The next question to be determined is whether or not the provisions of Section 3 of Chapter 13576, supra, the pertinent part of which is: “Stockholders who shall have transferred their shares or registered the transfer thereof within six months next before the date of the failure of such company to meet its obligations, or with knowledge of such impending failure, shall be liable to the same extent as if they had made no such transfer, to the extent that the' subsequent transferee fails to meet such liability; but this provision shall not be construed to affect in any way any recourse which such shareholders might otherwise have *202 against those in whose names such shares are registered at the time of such failure. Provided the seller shall have notified the Bank in writing by registered mail or taken receipts from bank therefor,” is such an impairment of the obligation of contract as to be inapplicable to a transfer of stock by a stockholder when the stock so transferred was acquired by such stockholder prior to the enactment of Chapter 13576, supra.

It is well settled that when the constitutionality of' a statute is attacked, and the statute will bear two constructions, one of which will render it unconstitutional and the other constitutional, it is the duty of the courts to adopt the latter construction. That part of the statute here under consideration is remedial in its nature and does not create a liability but extends a liability already created by the ownership of the bank stock.
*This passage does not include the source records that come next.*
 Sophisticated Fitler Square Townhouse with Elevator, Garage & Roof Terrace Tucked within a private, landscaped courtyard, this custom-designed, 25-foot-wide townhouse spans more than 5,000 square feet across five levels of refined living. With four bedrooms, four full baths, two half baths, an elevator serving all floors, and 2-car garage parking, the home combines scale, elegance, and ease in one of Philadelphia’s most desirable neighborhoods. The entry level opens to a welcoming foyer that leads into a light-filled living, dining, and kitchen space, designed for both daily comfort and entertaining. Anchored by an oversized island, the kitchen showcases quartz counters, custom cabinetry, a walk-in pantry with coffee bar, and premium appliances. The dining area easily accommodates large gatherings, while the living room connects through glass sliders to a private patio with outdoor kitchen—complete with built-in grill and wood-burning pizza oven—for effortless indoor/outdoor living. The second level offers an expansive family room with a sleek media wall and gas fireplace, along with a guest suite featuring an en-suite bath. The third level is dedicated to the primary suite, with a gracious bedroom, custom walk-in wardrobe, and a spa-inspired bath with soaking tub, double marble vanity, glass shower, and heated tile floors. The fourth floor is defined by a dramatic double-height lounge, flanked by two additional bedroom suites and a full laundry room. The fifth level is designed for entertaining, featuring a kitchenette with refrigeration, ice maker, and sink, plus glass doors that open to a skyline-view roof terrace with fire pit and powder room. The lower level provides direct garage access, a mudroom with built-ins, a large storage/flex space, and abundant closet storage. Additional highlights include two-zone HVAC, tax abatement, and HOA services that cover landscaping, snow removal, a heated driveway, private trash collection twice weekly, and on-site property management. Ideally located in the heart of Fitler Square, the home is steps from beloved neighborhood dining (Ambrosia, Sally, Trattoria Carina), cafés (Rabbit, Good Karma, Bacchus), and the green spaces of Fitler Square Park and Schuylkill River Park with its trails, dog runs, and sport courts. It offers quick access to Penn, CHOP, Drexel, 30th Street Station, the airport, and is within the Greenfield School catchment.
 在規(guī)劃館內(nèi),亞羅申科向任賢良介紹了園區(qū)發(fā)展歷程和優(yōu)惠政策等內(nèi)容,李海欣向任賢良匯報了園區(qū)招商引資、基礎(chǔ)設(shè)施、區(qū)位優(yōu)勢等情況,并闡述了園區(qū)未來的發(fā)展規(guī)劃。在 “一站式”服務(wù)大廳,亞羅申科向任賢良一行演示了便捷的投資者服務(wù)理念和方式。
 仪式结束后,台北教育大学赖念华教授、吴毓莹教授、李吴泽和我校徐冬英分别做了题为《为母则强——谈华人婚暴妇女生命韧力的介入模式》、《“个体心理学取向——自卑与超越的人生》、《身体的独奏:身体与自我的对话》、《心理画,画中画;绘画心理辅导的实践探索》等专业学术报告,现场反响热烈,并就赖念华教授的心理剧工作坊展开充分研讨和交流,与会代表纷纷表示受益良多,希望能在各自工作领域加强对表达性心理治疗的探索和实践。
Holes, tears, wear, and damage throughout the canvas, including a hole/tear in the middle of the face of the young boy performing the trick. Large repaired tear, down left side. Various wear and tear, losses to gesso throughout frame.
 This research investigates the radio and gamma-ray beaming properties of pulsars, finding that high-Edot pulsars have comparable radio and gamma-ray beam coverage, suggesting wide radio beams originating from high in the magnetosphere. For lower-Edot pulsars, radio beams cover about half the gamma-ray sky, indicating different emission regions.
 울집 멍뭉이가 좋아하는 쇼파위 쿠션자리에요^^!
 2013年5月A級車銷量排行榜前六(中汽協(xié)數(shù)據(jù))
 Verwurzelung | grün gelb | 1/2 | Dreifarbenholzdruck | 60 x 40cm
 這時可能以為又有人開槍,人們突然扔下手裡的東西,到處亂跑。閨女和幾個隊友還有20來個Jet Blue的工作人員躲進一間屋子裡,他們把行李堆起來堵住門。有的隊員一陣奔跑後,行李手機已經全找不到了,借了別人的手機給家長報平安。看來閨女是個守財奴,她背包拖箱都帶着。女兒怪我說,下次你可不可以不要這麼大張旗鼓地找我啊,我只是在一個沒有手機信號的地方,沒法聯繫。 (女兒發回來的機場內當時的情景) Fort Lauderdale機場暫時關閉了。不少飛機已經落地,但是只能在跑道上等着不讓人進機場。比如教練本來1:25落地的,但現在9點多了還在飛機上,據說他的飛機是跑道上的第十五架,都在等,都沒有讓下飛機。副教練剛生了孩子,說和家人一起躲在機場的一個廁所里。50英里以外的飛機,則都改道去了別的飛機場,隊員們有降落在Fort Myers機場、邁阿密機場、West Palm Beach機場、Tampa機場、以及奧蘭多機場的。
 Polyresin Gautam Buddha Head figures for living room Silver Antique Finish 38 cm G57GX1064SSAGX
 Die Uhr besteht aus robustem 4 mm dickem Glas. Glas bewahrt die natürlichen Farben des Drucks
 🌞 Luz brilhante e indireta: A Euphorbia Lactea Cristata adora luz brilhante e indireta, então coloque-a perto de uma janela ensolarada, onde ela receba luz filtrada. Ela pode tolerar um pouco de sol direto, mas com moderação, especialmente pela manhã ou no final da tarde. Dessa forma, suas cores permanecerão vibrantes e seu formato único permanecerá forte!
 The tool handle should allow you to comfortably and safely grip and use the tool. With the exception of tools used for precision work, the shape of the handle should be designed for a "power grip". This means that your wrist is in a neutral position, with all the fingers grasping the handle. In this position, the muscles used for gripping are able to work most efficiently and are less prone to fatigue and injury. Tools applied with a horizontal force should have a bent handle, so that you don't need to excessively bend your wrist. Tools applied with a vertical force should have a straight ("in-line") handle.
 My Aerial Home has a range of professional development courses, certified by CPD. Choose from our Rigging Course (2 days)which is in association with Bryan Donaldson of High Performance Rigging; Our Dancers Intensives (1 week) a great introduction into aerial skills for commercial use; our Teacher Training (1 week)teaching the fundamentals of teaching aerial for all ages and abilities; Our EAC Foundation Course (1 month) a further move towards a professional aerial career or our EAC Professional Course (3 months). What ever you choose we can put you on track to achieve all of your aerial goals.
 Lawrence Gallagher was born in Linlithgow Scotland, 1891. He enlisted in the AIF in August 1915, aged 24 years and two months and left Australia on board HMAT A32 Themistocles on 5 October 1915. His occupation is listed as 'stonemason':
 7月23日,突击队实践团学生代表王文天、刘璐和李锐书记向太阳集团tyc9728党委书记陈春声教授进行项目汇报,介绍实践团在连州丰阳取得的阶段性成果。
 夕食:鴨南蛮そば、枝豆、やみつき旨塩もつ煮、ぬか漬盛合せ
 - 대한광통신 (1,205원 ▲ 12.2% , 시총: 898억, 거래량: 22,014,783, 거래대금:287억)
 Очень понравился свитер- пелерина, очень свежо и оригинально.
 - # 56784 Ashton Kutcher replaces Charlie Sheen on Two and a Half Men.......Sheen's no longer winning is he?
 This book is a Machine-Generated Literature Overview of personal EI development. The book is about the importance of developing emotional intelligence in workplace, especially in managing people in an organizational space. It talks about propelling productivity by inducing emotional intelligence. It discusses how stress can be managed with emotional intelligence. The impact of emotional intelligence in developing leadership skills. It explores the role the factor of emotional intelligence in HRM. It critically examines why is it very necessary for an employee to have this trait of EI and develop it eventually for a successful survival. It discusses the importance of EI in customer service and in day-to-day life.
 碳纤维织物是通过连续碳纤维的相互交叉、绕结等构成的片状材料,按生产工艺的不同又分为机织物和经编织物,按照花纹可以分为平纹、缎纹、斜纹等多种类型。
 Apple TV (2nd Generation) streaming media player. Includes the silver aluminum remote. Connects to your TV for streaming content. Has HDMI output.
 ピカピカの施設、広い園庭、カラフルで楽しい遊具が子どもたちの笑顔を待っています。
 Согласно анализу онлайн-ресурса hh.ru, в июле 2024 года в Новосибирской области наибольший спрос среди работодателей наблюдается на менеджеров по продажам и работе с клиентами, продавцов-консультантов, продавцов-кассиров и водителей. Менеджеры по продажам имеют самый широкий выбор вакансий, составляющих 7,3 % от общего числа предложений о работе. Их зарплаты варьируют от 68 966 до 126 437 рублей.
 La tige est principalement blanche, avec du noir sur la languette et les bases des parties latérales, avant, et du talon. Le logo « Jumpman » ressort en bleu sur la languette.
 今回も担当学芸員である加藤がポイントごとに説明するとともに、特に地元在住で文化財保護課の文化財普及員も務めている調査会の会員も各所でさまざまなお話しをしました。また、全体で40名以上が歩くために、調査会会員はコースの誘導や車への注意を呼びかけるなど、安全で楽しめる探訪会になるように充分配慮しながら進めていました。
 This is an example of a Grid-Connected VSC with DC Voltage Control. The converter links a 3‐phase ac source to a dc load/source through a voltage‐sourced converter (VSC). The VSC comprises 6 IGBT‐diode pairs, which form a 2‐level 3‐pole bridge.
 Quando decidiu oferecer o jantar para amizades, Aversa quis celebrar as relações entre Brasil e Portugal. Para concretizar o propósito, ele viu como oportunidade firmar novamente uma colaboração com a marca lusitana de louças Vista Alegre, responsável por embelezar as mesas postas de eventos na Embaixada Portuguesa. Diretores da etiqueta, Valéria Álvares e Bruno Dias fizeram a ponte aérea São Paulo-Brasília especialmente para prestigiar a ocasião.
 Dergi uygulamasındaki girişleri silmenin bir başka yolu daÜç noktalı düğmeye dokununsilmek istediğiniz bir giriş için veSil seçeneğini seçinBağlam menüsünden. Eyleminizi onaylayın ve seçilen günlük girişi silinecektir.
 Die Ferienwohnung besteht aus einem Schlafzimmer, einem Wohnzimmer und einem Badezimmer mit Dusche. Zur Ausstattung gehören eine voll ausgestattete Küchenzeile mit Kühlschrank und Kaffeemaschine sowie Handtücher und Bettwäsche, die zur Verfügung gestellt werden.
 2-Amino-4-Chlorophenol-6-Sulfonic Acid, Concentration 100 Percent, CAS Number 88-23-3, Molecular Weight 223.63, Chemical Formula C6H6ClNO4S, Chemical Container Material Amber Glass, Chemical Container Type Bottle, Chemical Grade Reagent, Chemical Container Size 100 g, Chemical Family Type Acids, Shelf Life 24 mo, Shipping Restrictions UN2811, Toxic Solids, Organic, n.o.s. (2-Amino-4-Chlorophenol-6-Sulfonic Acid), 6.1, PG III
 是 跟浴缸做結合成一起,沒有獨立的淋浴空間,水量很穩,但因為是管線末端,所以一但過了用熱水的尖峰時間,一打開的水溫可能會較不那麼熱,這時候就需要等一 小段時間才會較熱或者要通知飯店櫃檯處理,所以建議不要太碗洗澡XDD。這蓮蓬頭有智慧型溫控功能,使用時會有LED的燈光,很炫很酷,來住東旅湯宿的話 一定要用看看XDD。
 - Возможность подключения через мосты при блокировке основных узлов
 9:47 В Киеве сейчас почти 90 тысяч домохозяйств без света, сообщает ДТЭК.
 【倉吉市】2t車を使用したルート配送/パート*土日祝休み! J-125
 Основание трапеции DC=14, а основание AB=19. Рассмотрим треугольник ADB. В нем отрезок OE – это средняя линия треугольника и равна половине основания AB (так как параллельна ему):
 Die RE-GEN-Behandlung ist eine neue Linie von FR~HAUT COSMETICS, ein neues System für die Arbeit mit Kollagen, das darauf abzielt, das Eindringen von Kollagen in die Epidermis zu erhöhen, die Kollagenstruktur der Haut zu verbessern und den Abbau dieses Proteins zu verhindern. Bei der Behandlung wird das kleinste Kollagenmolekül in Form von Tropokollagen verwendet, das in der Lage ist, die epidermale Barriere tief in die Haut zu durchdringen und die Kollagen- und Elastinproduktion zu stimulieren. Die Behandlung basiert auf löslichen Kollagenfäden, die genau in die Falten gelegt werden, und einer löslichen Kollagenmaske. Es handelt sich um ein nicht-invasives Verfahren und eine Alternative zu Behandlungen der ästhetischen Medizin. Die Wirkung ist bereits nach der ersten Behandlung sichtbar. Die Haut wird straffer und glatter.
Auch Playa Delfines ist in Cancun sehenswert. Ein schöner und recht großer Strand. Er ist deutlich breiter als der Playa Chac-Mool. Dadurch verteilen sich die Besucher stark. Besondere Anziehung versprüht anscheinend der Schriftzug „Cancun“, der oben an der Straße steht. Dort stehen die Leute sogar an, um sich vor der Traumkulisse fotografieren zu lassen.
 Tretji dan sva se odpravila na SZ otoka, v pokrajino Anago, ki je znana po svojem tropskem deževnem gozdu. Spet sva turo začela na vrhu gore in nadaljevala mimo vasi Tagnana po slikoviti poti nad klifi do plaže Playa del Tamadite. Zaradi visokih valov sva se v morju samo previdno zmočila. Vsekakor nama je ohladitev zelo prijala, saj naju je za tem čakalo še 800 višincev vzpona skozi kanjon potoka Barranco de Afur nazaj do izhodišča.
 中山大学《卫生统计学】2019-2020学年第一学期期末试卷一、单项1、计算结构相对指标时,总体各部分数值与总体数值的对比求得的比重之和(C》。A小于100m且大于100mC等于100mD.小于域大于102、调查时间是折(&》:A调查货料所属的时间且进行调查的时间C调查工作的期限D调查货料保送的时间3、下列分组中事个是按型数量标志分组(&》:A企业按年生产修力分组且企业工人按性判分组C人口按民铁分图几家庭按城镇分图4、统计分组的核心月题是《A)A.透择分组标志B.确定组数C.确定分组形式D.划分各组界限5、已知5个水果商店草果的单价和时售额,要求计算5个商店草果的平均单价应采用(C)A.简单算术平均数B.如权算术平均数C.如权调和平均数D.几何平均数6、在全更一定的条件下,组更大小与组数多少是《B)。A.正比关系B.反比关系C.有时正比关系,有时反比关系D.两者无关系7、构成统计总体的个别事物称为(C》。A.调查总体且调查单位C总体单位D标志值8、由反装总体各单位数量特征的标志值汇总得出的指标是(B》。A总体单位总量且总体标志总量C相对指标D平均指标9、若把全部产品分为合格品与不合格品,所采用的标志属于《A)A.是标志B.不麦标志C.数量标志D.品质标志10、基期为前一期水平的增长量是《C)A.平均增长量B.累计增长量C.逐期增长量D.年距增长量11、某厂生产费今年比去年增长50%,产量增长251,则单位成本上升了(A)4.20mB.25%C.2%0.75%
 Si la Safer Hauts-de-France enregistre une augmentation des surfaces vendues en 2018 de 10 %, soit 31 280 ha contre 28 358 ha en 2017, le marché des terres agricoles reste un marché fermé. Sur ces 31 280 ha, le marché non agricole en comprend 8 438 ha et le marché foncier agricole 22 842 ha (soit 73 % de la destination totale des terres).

The provisions of Chapter 11849, Acts of 1927, authorizing the Comptroller to freeze deposits is in its application and operation analogous to the statute there under consideration. In the case of McConville v. Ft. Pierce Bank & Trust Co., 101 Fla. 727, 135 Sou. 392, in which it appeared that McConville had filed suit against Ft. Pierce Bank & Trust Co. to recover a deposit and the bank had filed a plea setting forth that on August 20, 1927, the Comptroller took possession of the defunct Bank and later, on March 26, 1928, on petition of 75% of the total depositors issued his formal order under the statute above referred to, freezing deposits of the Bank and providing that Bank should pay 5% of the deposits in cash on reopening, 45% of certificates of deposit due and payable on or before three years after date of reopening, and that the remaining 50% of deposits of any nature whatsoever to be paid on or before three years of the reopening from the *203 proceeds obtained from the slow and doubtful páper assets to be classified and set aside for the benefit of such deposits.